现在使用 scipy.stats.lognorm。 fit 像这样:

 形状,位置,比例= stats.lognorm.fit(y,floc = 0)
mu = np.log(scale)
sigma =形状

y_fit = 1 / x * 1 /(sigma * np.sqrt(2 * np.pi ))* np.exp(-(np.log(x)-mu)** 2 /(2 * sigma ** 2))

结果 y_适合看起来像这样:

  2.774453764650559735e-92 
9.215468156399056736e-92
3.066511893903929907e-91
1.0223358843255575e-90
3.371353425505715432e-90
1.107869289600567113e-89
3.632923945686527959e-89
1.186352074527947499e-88
3.843439346384186221e-88
1.241282395050092616e-87
4.012158206798217088e-87
1.283531486148302474e-86
4.102813367932395623e-86
1.306865297124819703e-85
4.149188517768147925e -85
1.309743071360157226e-84
4.121819150664498056e-84
1.289935574540856462e-83
4.028475776631639341e-83
1.251854680594688466e-82
3.876254948575364474e-82
1.194751160823721531e-81
3.669411018320463915e-81
1.122061051084741563e-80
3.418224619543735425e-80
1.037398725542414359e-79
3.134554301786779178e-79
9.436770981828214504e-79
2.828745744939237710e-78
8.447588129217592353e-78
2.512030904806250195195-77
7.4422224614825 58402e-77
2.195666296758331429e-76
1.598228276801569301e-74
4.622033883255558750e-74

显然与原始的 y 值相距很远。
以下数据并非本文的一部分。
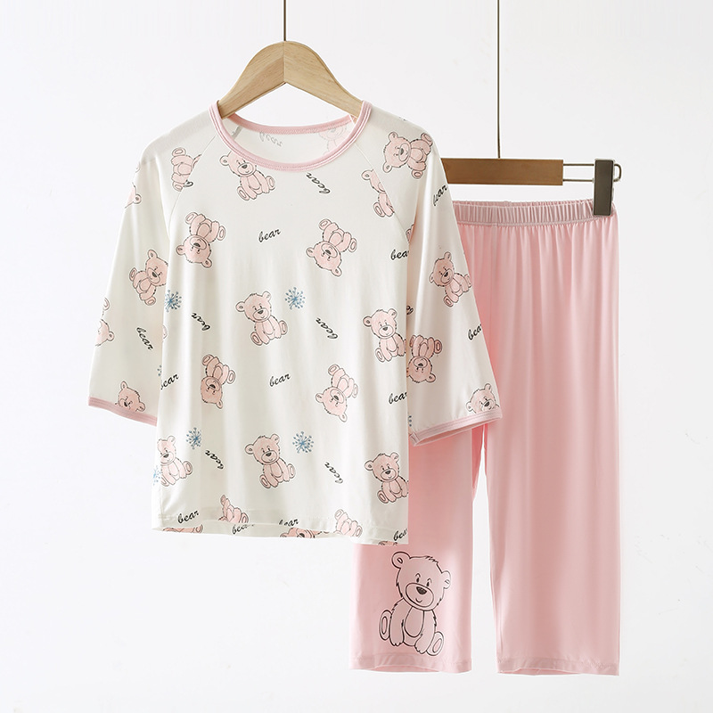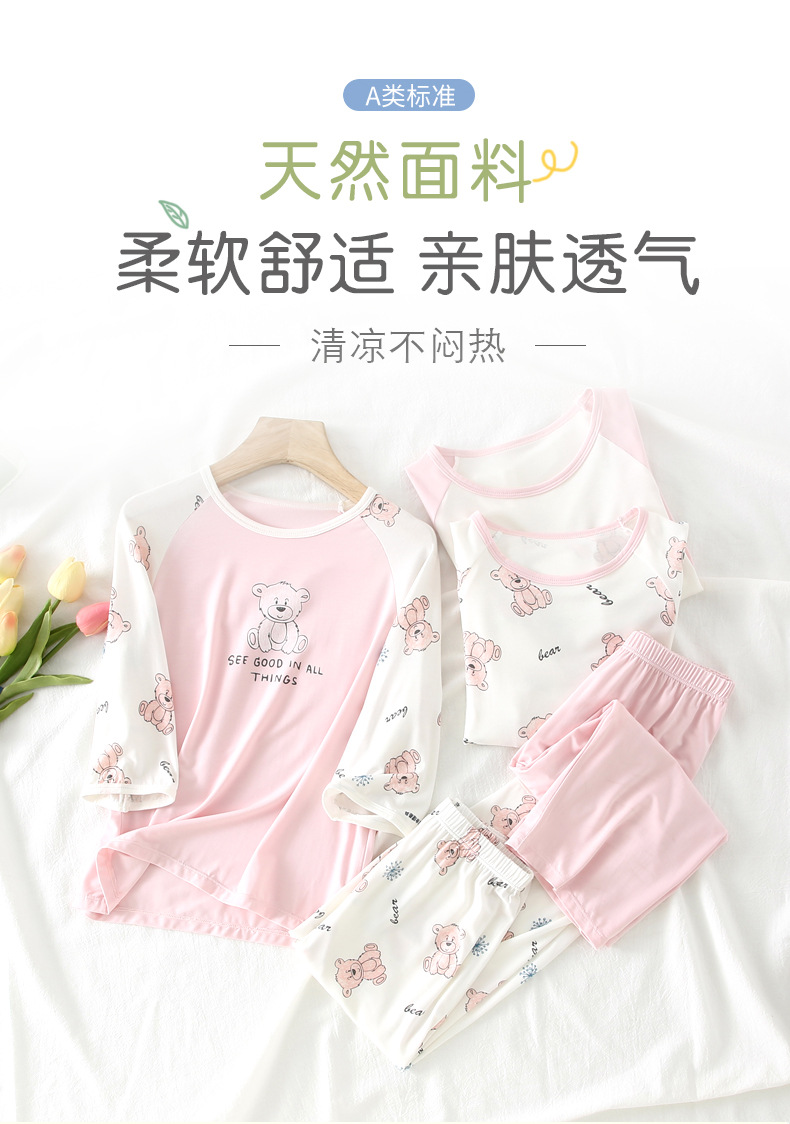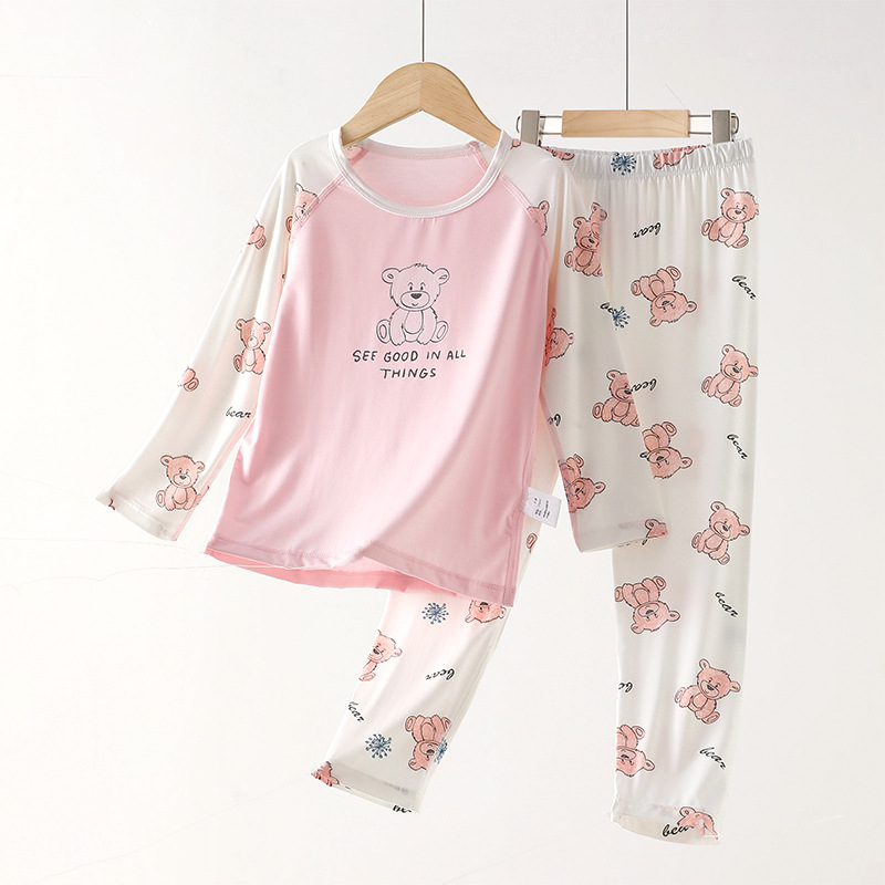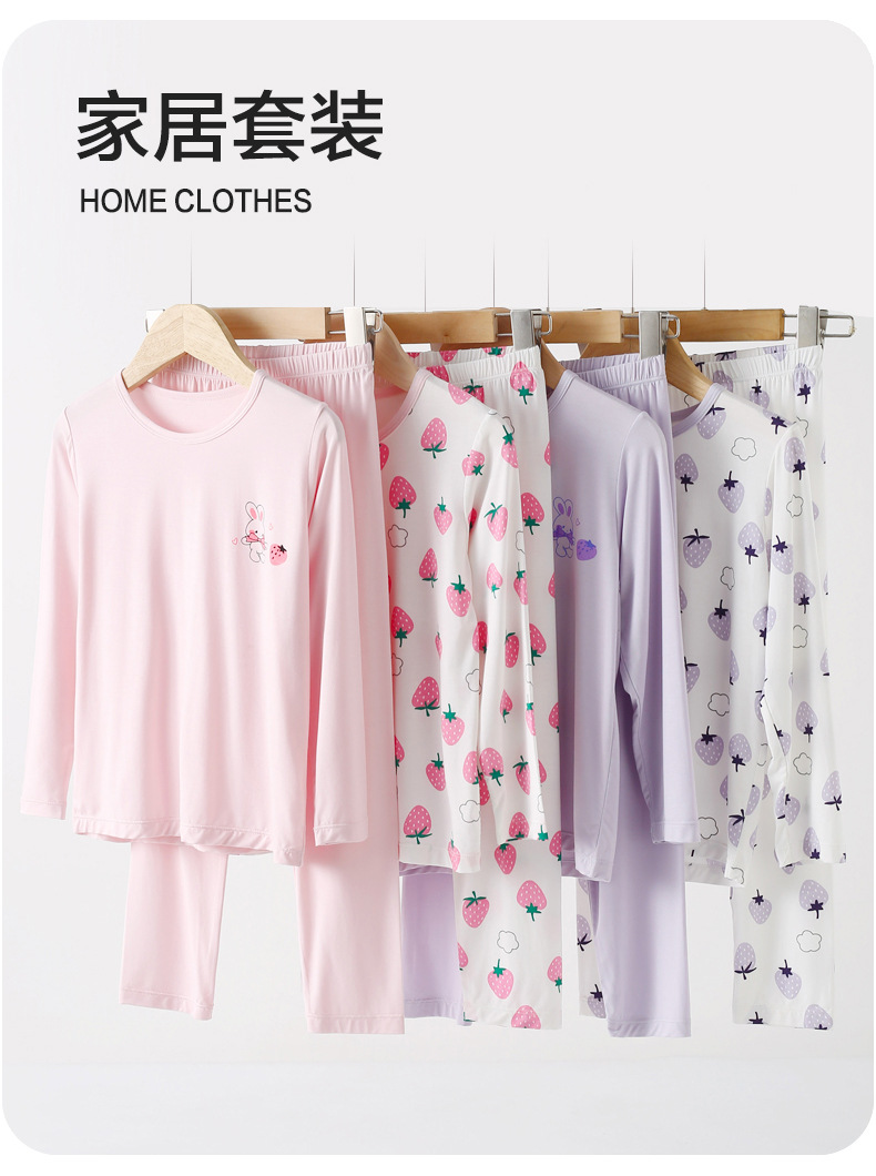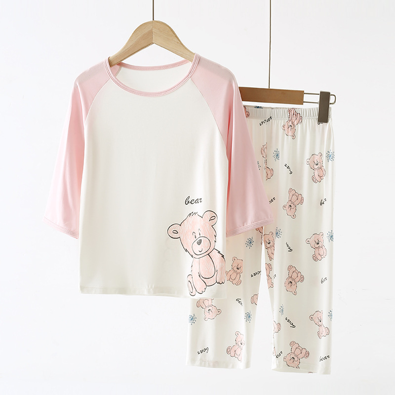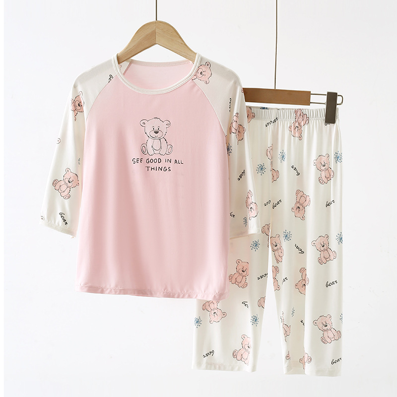 모달 봄과 여름 어린이 잠옷 세트 만화 얇은 여아 투피스 세트 여아 에어컨 홈 옷스토어 가기

我确实意识到我根本没有使用初始的 x 值。因此,我认为我需要以某种方式转移(也许还可以缩放)所得的分布。



但是,我无法全神贯注地执行此操作。如何正确适应Python中的对数正态分布?

解决方案

它与 curve_fit (如果您缩放数据)。不过,我不确定缩放和重新缩放是否有意义。 (



无论如何,看起来功能并不是真的。


I want to fit the log-normal parameters mu and sigma to an existing (measured) log-normal distribution.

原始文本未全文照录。